Beyond Guns and Diplomacy
For all of Xi and the United Front’s soft-power operations, and their push to get Taiwan to self-identify with China and the CCP as one people, their moves may be backfiring, at least in the short term. Since Taiwan’s election, unfavorable views towards the CCP in Taiwan have been at a peak—and are shifting into new territory with Taipei’s courting of Washington
With the U.S. selling more arms to Taiwan than ever before, experts expect to see more incursions by Chinese jets and bombers into Taiwanese airspace, as well as more PLA Navy gunboats hugging the median line in the Taiwan Strait—in what CCP-backed outlet Global Times called “a rehearsal for a Taiwan takeover.” For years, PLA troops have been training in Inner Mongolia to storm the presidential office in Taipei.
War would surely be fraught for both sides—which is why Xi might be hoping the United Front’s longstanding influence operations could ultimately persuade Taiwan’s elite to step back from a full-on conflict and move towards China on their own.

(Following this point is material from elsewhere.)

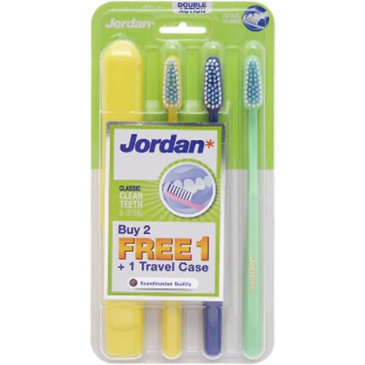 - Combo 3 Bàn Chải Đánh Răng Jordan Double Action - Tặng Hộp Đựng Bàn Chải Giao Mẫu Ngẫu Nhiên Chăm sóc răng miệng làm việc rất cần thiết và cần phải chú ý hàng ngày. Bên cạnh việc cahir răng đúng cách thì việc lựa chọn chiếc bàn chải phù hợp cũng là việc rất quan trọng. Bàn Chải Đánh Răng Jordan Target Teeth&Gums là bàn chải đánh răng có phần lông chải làm từ cước mềm, giúp bạn lấy sạch mảng bám hiệu quả mà không gây tổn thương nướu lợi và men răng.

“Most of the United Front’s work is generally more geared towards indirectly and slowly shifting the general atmosphere,” Sung Wen-Ti said. “To put this in another way, methodologically, the United Front provides conducive conditions to changes, rather than sufficient conditions. Tracing a clear causal channel is often challenging, because for clear causal claims you need both conducive and sufficient conditions to be present, and United Front is only part of the picture.”
Despite the recent saber-rattling from both sides, the United Front’s decades-long campaign for the fate of Taiwan may be yielding results. Sung explained, “What we can say is that the United Front has likely created a constituency in Taiwan that is socially embedded in China, economically dependent on stable cross-strait relations, and politically more sympathetic towards placating Beijing’s preferences.”